REQUIRED ACTION: Among the entries below, find the line with "Diamond sheer embroidered" and the line with "T-shirt de algodão". Return exactly those lines and every line between them, but no pictures.

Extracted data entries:
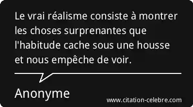 Le vrai réalisme consiste à montrer les choses surprenantes que l'habitude cache sous une housse et nous empêche de voir.
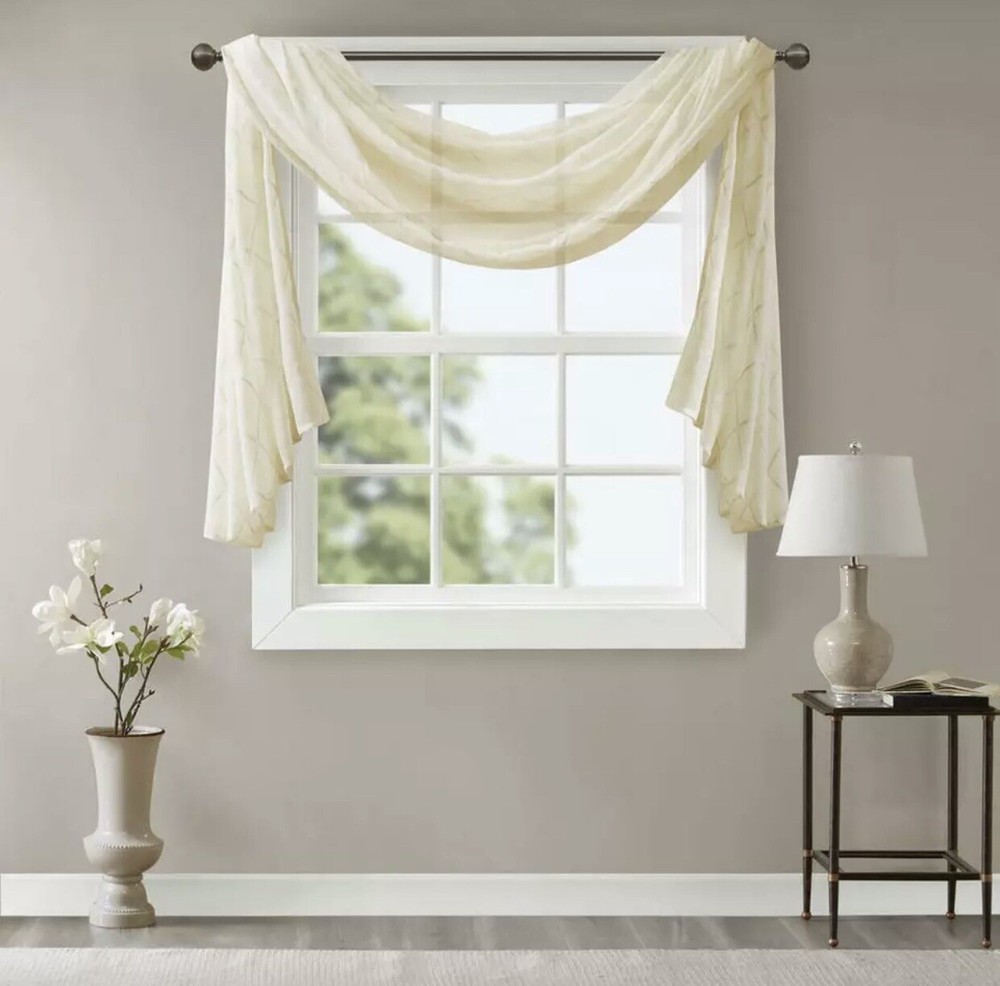 Diamond sheer embroidered wibdow scarf. Measure 50”x144”. Light wibdow scarf with diamond embroidered pattern. Color light yellow almost cream.condition is new / other/ open box. Free shipping....
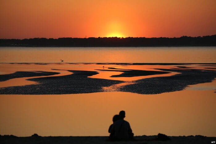 فرنسا، الناس يُتابعون غروب الشمس من شاطئ خليج أركاشون.
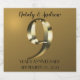 Celebrating 9 years together. Happy 9th wedding anniversary. Golden metallic label.
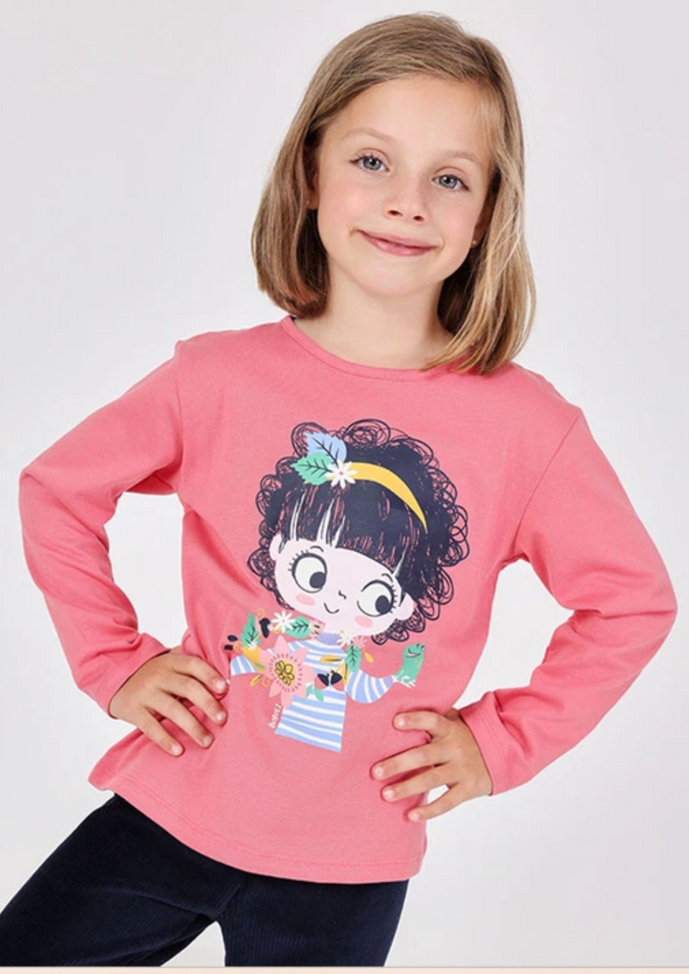 T-shirt de algodão rosa para menina, perfeita para os mais pequenos que procuram conforto e estilo. Feita de um tecido extra suave, é ideal para uso diário no outono e inverno. Uma estampa divertida adiciona um toque de alegria ao guarda-roupa infantil. O seu design com gola redonda e mangas compridas proporciona proteção adicional contra o frio. Disponível em tamanhos de 12 meses a 10 anos, combina facilmente com jeans ou leggings para um look encantador.
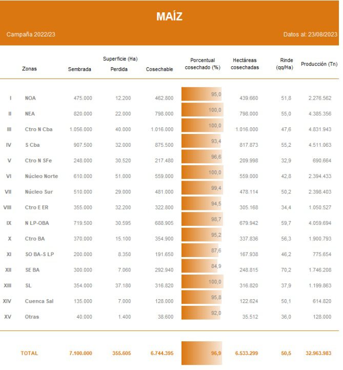 Durante la última semana la cosecha de maíz grano comercial mantuvo buen ritmo, dando por finalizada las labores de recolección del cereal de verano en el NEA, Centro-Norte de Córdoba, Núcleo Norte y San Luis. A la fecha, luego de un progreso intersemanal de 6,7 puntos porcentuales, se logró cosechar el 96,9 % del total de maíz estimado a nivel nacional para la campaña 2022/23. Esto significa un retraso respecto del promedio de las últimas cinco campañas de 2,4 p.p. El rendimiento medio se estima en torno a los 50,5 qq/Ha. En este contexto, mantenemos nuestra proyección de producción en 34 MTn, unas 18 MTn menos que la campaña anterior.
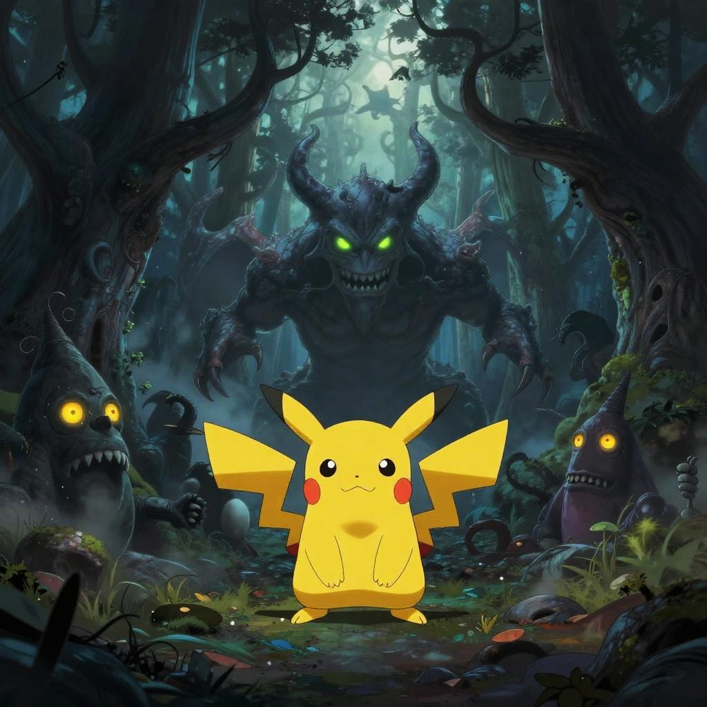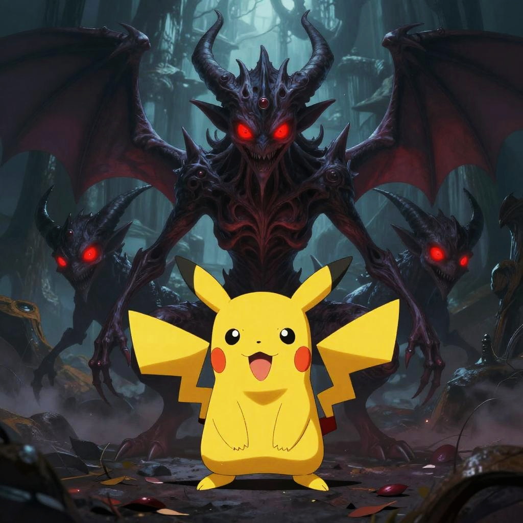 Are Pokemon demonic entities with fiery hellish landscapes, smoky backgrounds, demonic horns and wings, intense glowing runes, epic fantasy style, highly detailed and ominous artwork.

RESPONSE BOX:
 Diamond sheer embroidered wibdow scarf. Measure 50”x144”. Light wibdow scarf with diamond embroidered pattern. Color light yellow almost cream.condition is new / other/ open box. Free shipping....
 فرنسا، الناس يُتابعون غروب الشمس من شاطئ خليج أركاشون.
 Celebrating 9 years together. Happy 9th wedding anniversary. Golden metallic label.
 T-shirt de algodão rosa para menina, perfeita para os mais pequenos que procuram conforto e estilo. Feita de um tecido extra suave, é ideal para uso diário no outono e inverno. Uma estampa divertida adiciona um toque de alegria ao guarda-roupa infantil. O seu design com gola redonda e mangas compridas proporciona proteção adicional contra o frio. Disponível em tamanhos de 12 meses a 10 anos, combina facilmente com jeans ou leggings para um look encantador.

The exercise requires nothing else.